Manon Lescaut, opera review: 'The unrelenting bleakness renders it flat'
Wales Millennium Centre, Cardiff
By any definition, the heroine of Puccini’s breakthrough opera, Manon Lescaut, epitomises the ‘fallen woman’, upon whom Welsh National Opera is focusing this season.
For director Mariusz Treliński, Manon is not merely an operatic cliché but a chimera; a male fantasy in a brutal, hedonistic and contemporary world. Borrowing heavily from David Lynch’s Blue Velvet and Mulholland Drive, Treliński aims to cut across Puccini’s sumptuous, emotive music to the corrosive hypocrisy at the heart of Prévost’s story.
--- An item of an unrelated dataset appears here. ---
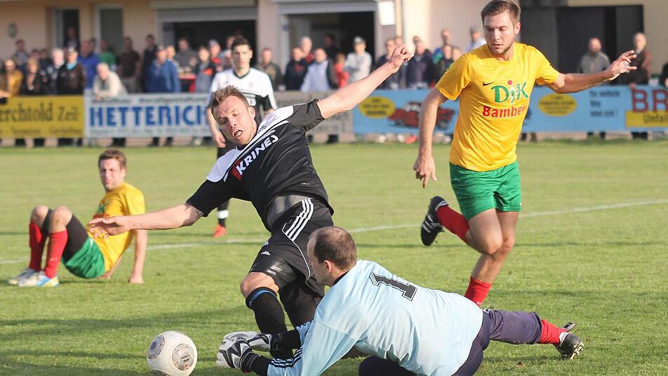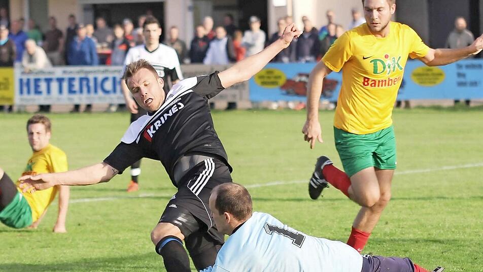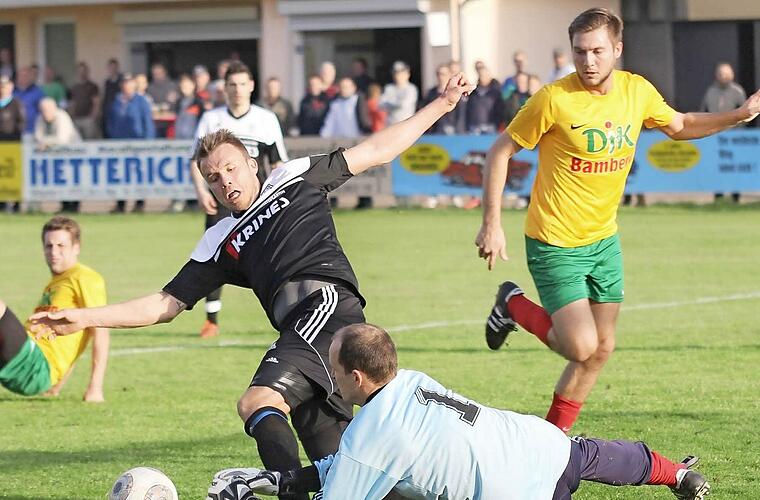 Nach dieser Anfangsphase nahmen die Gastgeber mehr und mehr Heft des Handelns in die eigene Hand. Allerdings neutralisierten sich beide gut aufeinander eingestellten Mannschaften weitgehend im Mittelfeld. In der 30. Min. ließ Thorsten Schlereth mit einem seiner typischen Antritte einige Bamberger stehen. Sein Pass fand jedoch keinen Abnehmer. Zwei Minuten später setzte sich Schlereth erneut in Szene und drang selbst in den Strafraum ein. Zwei DJKler schafften es nicht, ihn zu stören. Als Torwart Horcher ihn zu Fall brachte, entschied der insgesamt gute Schiedsrichter auf Strafstoß. Daniel Rinbergas nutzte diesen zum 1:0.

So far so intriguing. Except that he doesn’t get there - or, at least, get the audience there. It’s not that the mafioso sleaze and S&M is shocking - clearly it’s meant to be voyeuristic - but that the unrelenting bleakness renders it all flat; just too contradicting of Puccini’s score, despite some brave singing and vivid musicianship from Lothar Koenigs’ excellent orchestra.
Vocally, Chiara Taigi gave a vampish Manon (slightly uneven) lyric pathos, whilst Gwyn Hughes Jones made an impassioned, bewildered Des Grieux. But they sang to the audience, not each other.
Stylistic gestures were grimly unmoving in a dark railway station with flashing city lights, although David Kempster and Stephen Richardson were a callous Lescaut and sinister Geronte respectively.